These sayings remind us that actions often speak louder than words.

In the abortion controversy today, I think this is especially true.

More than 1.5 million abortions are performed each year in the United States. Christians have been in the forefront of opposition to such abortions.

In particular, the Catholic Church and conservative Protestant-based groups, such as Operation Rescue, have publicly admonished those seeking or providing abortions, while assiduously campaigning in legal arenas to outlaw the practice.

At the heart of the Christian objection to abortion is the claim that at the moment of conception, God provides an immortal soul to each fertilized human egg, thereby giving it full moral protection.

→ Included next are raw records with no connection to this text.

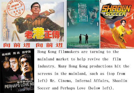 But while the money flows in, the local market continues to shrink. In 2006, the city's film industry struggled to churn out 51 productions, the number was 57 in 2005, but in its peak time there were about 300 films produced annually on the small island. At the same time, only 46 theaters are still running, one third of the number in the city's heyday. The territory still has stars recognized all over the world and award-winning directors, but for many insiders, the decline of the Hong Kong film industry started as early as the 1990s. "Hong Kong people are very diligent, that's part of Hong Kong spirit," says Samson Chiu, director of Golden Chicken (Jin Ji) and Mr. Cinema (Laogang Zhengzhuan). This diligence was apparent during the 1980s and 90s, when some films could be completed in one week. The films mainly featured crime, marital arts, ghosts, gambling, or soft pornography. If one type of film was a hit, such as Troublesome Night (Yinyang Lu) and Fight Back to School (Taoxue Weilong), numerous sequels would follow. Established actress Maggie Cheung earned the nickname "dozen Cheung", because she had the record of starring in a dozen of films in a year. The imitation of popular genres resulted in the production of low quality films, and consequently, the decline of Hong Kong film's reputation. Meanwhile, Korean films began to grab a slice of the Asian market rapidly. The gap between superstars like Jackie Chan and new blood widens year after year due to the shrinking market, which forces filmmakers to focus more on famous faces to find box office success. In addition, some directors, such as John Woo and Hark Tsui, chose to further their career in Hollywood at the end of the 1990s, accelerating the drain of production talent. Veteran producer and director Henry Fong Ping told a story he heard from a journalist. The reporter was overjoyed to interview a star that he had looked up to since he was a boy. But the joy vanished when he found he was interviewing the same person again and again. "Sometimes we feel safe, because the young men have not caught up yet," he says jokingly. "But if 10 years later, people are still talking about Chow Yun-fat and Andy Lau, it will be a sad thing for the industry," Fong says. "For the youngsters, my suggestion is, just do it. Do not sit and wait for a big production. Take every chance you can grab now." A ray of hope shone in 2004, when the Closer Economic Partnership Arrangement (CEPA) came into effect. Items related to the film industry in this package allowed Hong Kong filmmakers to distribute local films in the mainland on a quota-free basis, as opposed to falling under the foreign-film category and thus being subjected to the maximum-allowed quota of 20 foreign films a year. If a Hong Kong film is a co-production with the mainland, it gives the project automatic distribution across the vast country. But there must be content related to the mainland and the cast should include mainland actors. Hong Kong citizens are also allowed to own or operate theaters in the mainland. CEPA's impact is obvious. The mainland made about 330 films in 2006, but the top earners were co-productions with Hong Kong. These included Curse of the Golden Flower (Mancheng Jindai Huangjinjia) and The Banquet (Ye Yan), which ranked the first and second respectively. In Hong Kong, seven out of the top 10 films last year were co-productions with the Chinese mainland, according to the Motion Picture Industry Association of Hong Kong. In a Variety report, China's box office power was explained in this way: There were two major Chinese films released at Christmas - Curse of the Golden Flower and Confession of Pain, both are co-productions with Chinese mainland. Curse has brought in around $32.2 million from the mainland, and $2.6 million from Hong Kong. Confession is at $8.6 million in the mainland and $2.6 million in Hong Kong. Still, filmmakers say that there are problems with co-productions. For example, how do you make a story that appeals to both the mainland and Hong Kong, when Hong Kong culture is much more connected to south regions, which are quite different to northern China? Fong Ping has worked in the industry for about 30 years as actor, director and producer. Still, he finds it difficult to describe what kind of story would appeal to both groups. "I don't think I have found the right method to apply to every project. After all, the audience are very different," he says. What adds to the difficulty of choosing an appropriate story is the existence of censorship and non-existence of a rating system. In 2001, Hong Kong comedian and director Stephen Chow clashed with the movie bureau of the State Administration of Radio, Film and TV (SARFT) during the examination of Shaolin Soccer (Shaolin Zuqiu). Shaolin Temple complained about putting "soccer" alongside "Shaolin", which they worried would insult Buddhists. Chow refused to change the title to Kungfu Soccer, and the film's producer was banned from shooting on the mainland for one year. And in 2004, young director Ching-Po Wong's Left Hand (Jiang Hu) failed to hit the screens in the mainland because there were too many violent scenes. Aware of the difficulty of finding a subject that will please all, some are turning to the universality of human emotions. Samson Chiu's latest offering, Mr. Cinema, tells the story of a Hong Kong projectionist who has witnessed the past 40 years of the city. The typical Hong Kong grassroots' lifestyle resonates well with the local audience, while the feeling between husband and wife, father and son engages the mainland viewers too. When some are struggling to please the different audiences, others are worrying about the loss of Hong Kong flavor in the efforts to keep a balance. "Why must we recruit Xu Jinglei (a famed mainland actress) in Confession of Pain?" Fong said in a recent interview. "One is speaking mandarin, others Cantonese, and you have to explain why this person is speaking a di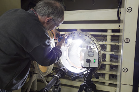 クライネ | 古くからあるシュリーレン撮影は、後ろからのみの光(バックライト)で空気などの流れを捉える、いわば影絵のようなものでした。もちろんそれはそれで見えなかった物を捉えたのですから、さまざまな分野の研究に貢献してきました。ただ私はもっと知りたい、もっときれいに撮りたいと思った。そこで従来法とは異なる被写体の正面、カメラ側からも光を当てるフロントライティングでの撮影法を研究しました。バックライトで流れを捉えるとともに、表からの光で物体の挙動も見る。そのためには強さや角度など微妙な光のバランスを試行錯誤してきました。 シュリーレン撮影自体は非常に長い歴史を持つ技術。ですからすでに完成されたものと思われるかもしれません。けれどまだまだ改良の余地はたくさんある。それにはハイスピードカメラの技術進化はもちろん必要ですし、撮影法をつきつめていくことで、見えなかったものをもっともっと見たいと思いますね。 |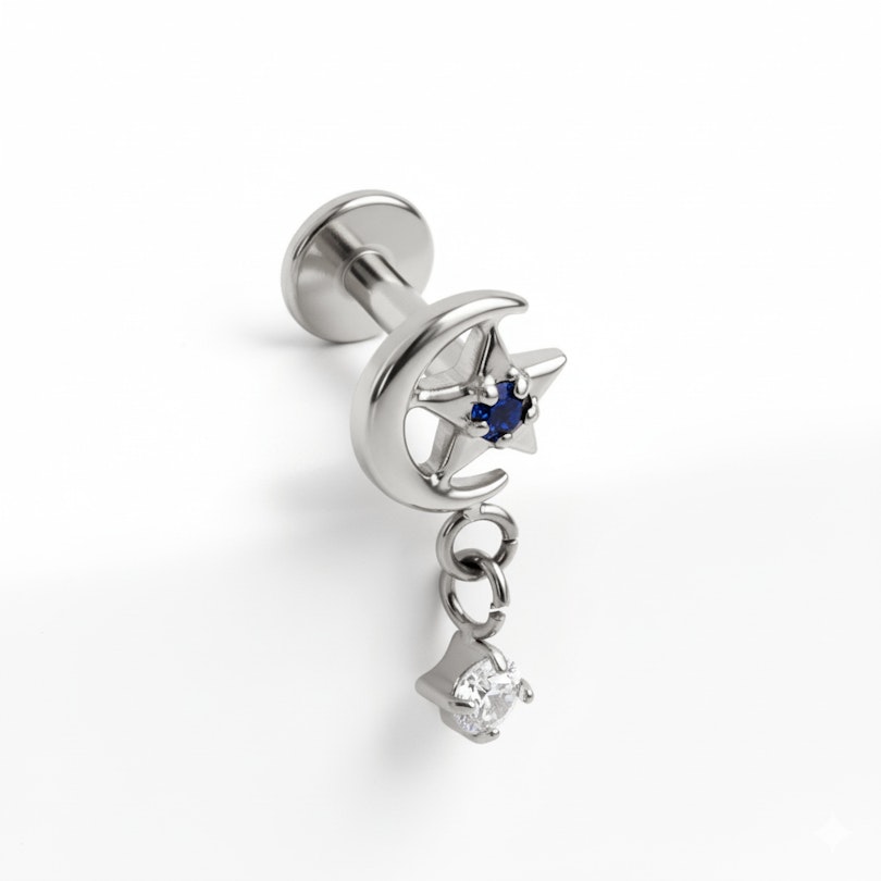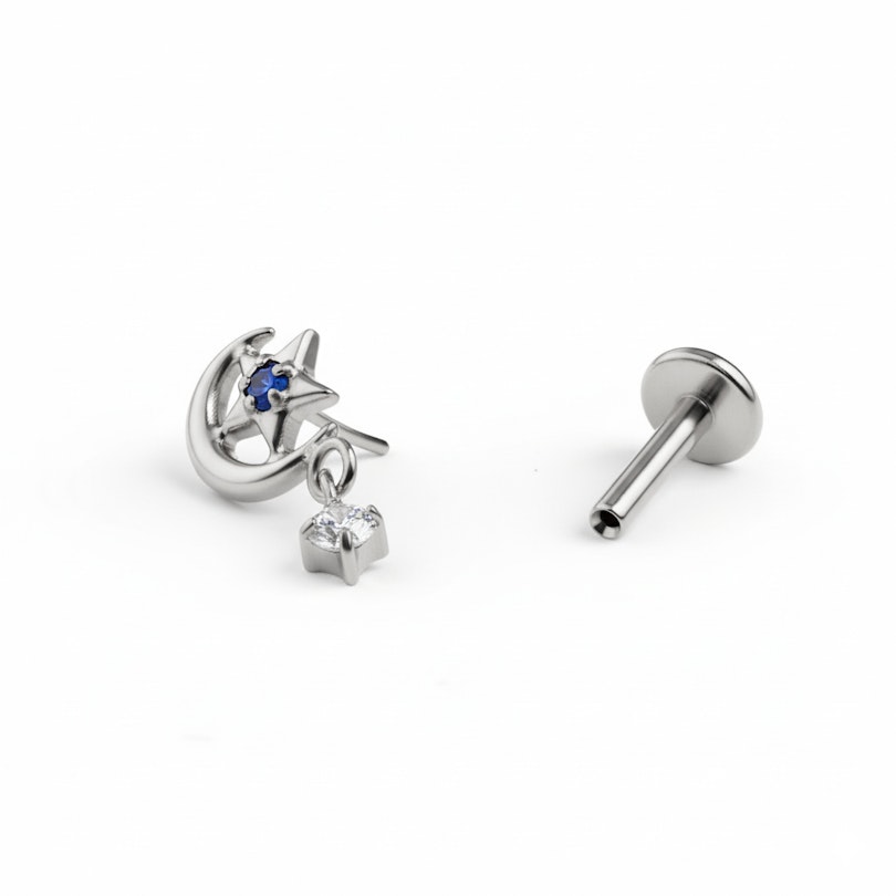 Titaanista valmistettu koru on hypoallergeeninen, vedenkestävä ja luja. Sisäkierre tekee asettelusta sujuvan ja istuvuudesta varman, jota koru pysyy juuri siellä missä pitää. Viimeistelty flatbackilla, tämä koru on tehty helix-, korvalehti- ja tragus-lävistyksille.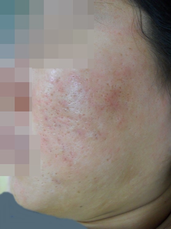 양볼에 생긴 패인 흉터 치료사진입니다.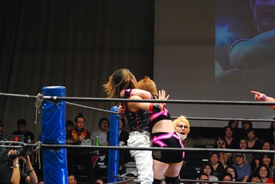 マイケルをコーナーに振って平田が串刺しエルボー(右写真)、マイケルは凛音にエルボー。
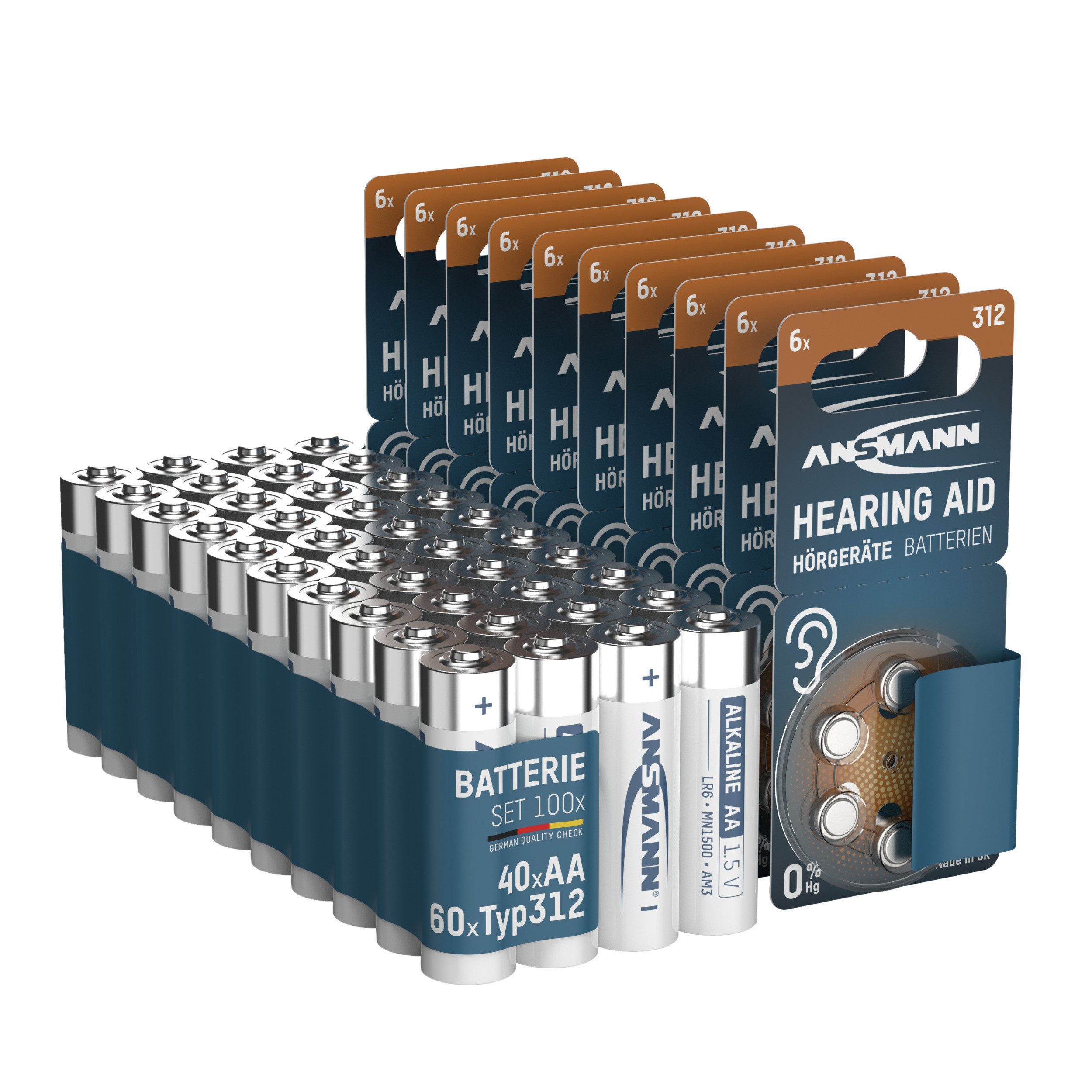 60x ANSMANN Hörgeräte Batterien Typ 312: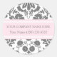 Customisable company name and contact information business stickers in light baby pink, dark charcoal grey and white classic floral damask vintage pattern, perfect for adding your information to bags, parcels or envelopes. Contact us for a custom colour or for matching small business products.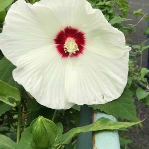 おはようございます☁️ 八重のハイビスカス珍しいので🤳 女子高の校門前花壇に咲いていました💕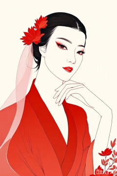 The image depicts a woman dressed in a flowing red garment, reminiscent of traditional East Asian attire. She is adorned with a striking red flower in her hair, and her makeup is bold, with prominent red lipstick and defined eyeliner. Her expression is serene, and she is resting her chin on her hand, exuding a sense of calm and elegance. The background is minimalistic, with subtle floral elements in the lower right corner, complementing the overall aesthetic.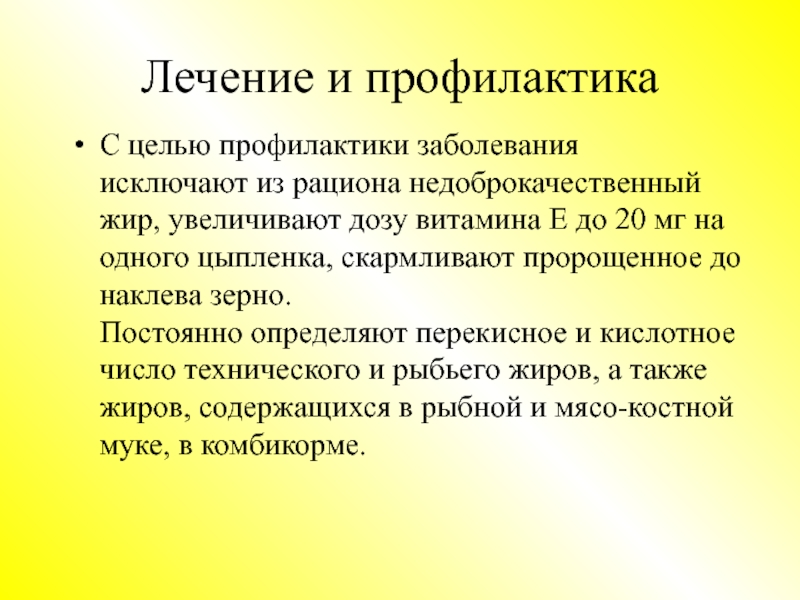 При появлении признаков заболевания взрослым курам назначают концентрат витамина Е в дозе 0,3 -0,5 мг на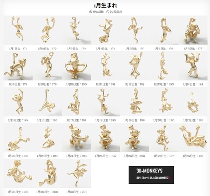 🐒誕生日から選ぶ3D-Monkeys 366日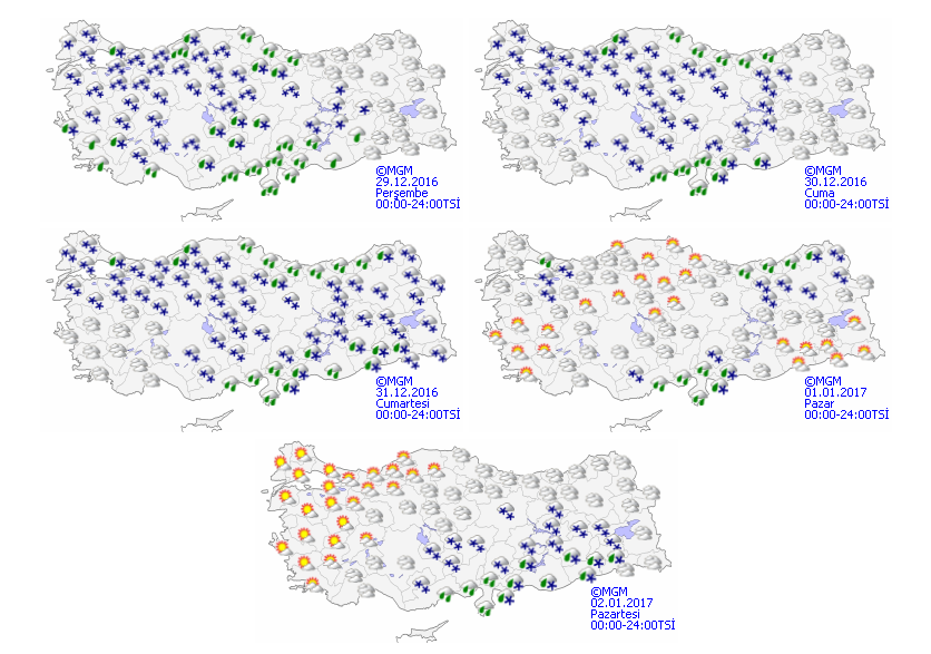 Yapılan son değerlendirmelere göre; Ülkemizin geneli çok bulutlu, Marmara'nın güney ve doğusu, Ege, Akdeniz, İç Anadolu, Batı ve Orta Karadeniz, Doğu Anadolu'nun batısı ile İstanbul, Tekirdağ, Trabzon, Gümüşhane, Erzincan, Bingöl, Gaziantep, Kilis, Adıyaman, Hakkari çevreleri ile Kırklareli'nin kıyı ve Diyarbakır'ın kuzey kesimlerinin yağışlı geçeceği tahmin ediliyor. Yağışların; kıyı kesimlerde yağmur iç kesimlerde karla karışık yağmur ve genellikle kar şeklinde olacağı ve Marmara'nın doğusunun iç kesimleri, İç Ege, İç Anadolu'nun güney ve batısı, Toroslar Mevkii ve Batı Karadeniz'in iç kesimlerinde yoğun kar, Akdeniz kıyı kesimi, Batı Karadeniz kıyıları, Muğla ve Kocaeli ile Sakarya'nın kıyı kesimlerinde kuvvetli yağmur şeklinde olacağı tahmin ediliyor. Kuzeydoğu kesimlerde kuvvetli olmak üzere iç ve doğu kesimlerde buzlanma ve don olayı ile sabah ve gece saatlerinde Göller Yöresi ve doğu kesimlerde yer yer pus ve sis hadisesi bekleniyor.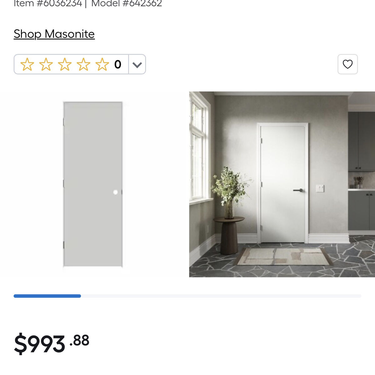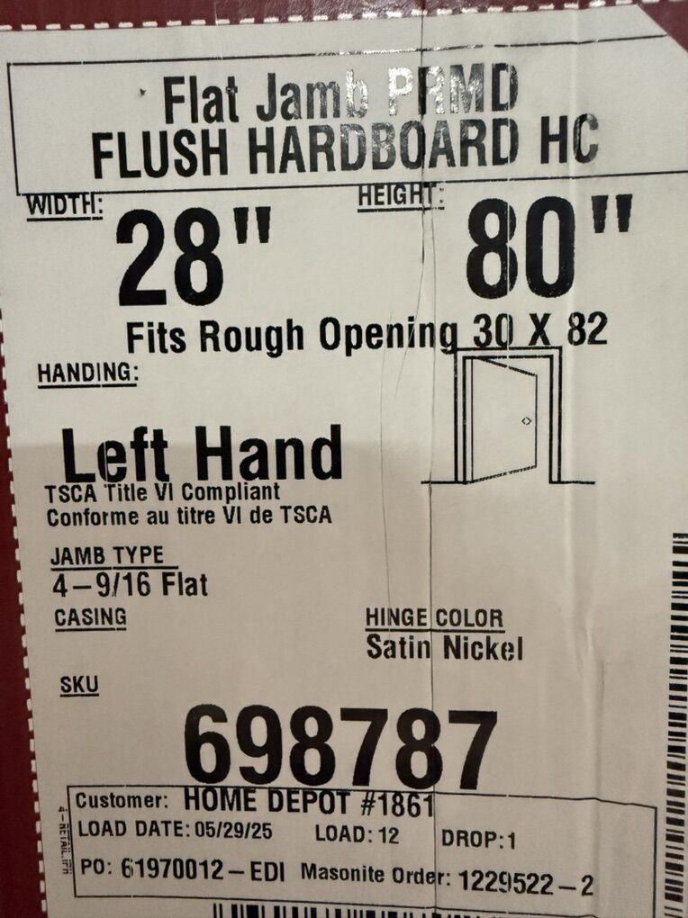 Masonite 28 In. X 80 In. X 4-9/16 In. Primed Flush Single Prehung Interior Door Left Hand Flat This is new, but will need to be primed and painted Located in west valley city

This, Christians believe, gives every pre-born from the moment of conception as much a right to life as you or I, and makes all induced abortions murders.

This is obviously strong stuff. If abortion is indeed murder, then a million and a half of them each year mean we are truly in the midst of a holocaust of innocents of immense proportions that would make even Herod blush and Hitler envious.

Yet here we confront a disconcerting action-words disconnect.

The vast majority of Christian abortion opponents distance themselves from, and even condemn, violent action to stop abortions, including bombing clinics and executing abortion providers.

What’s wrong with this picture is that all this distancing and condemnation conflict with two of their core beliefs.

The first is that abortion murders babies.

The second is that it is morally permissible, and in some cases morally required, to protect the innocent with force proportionate to the threat.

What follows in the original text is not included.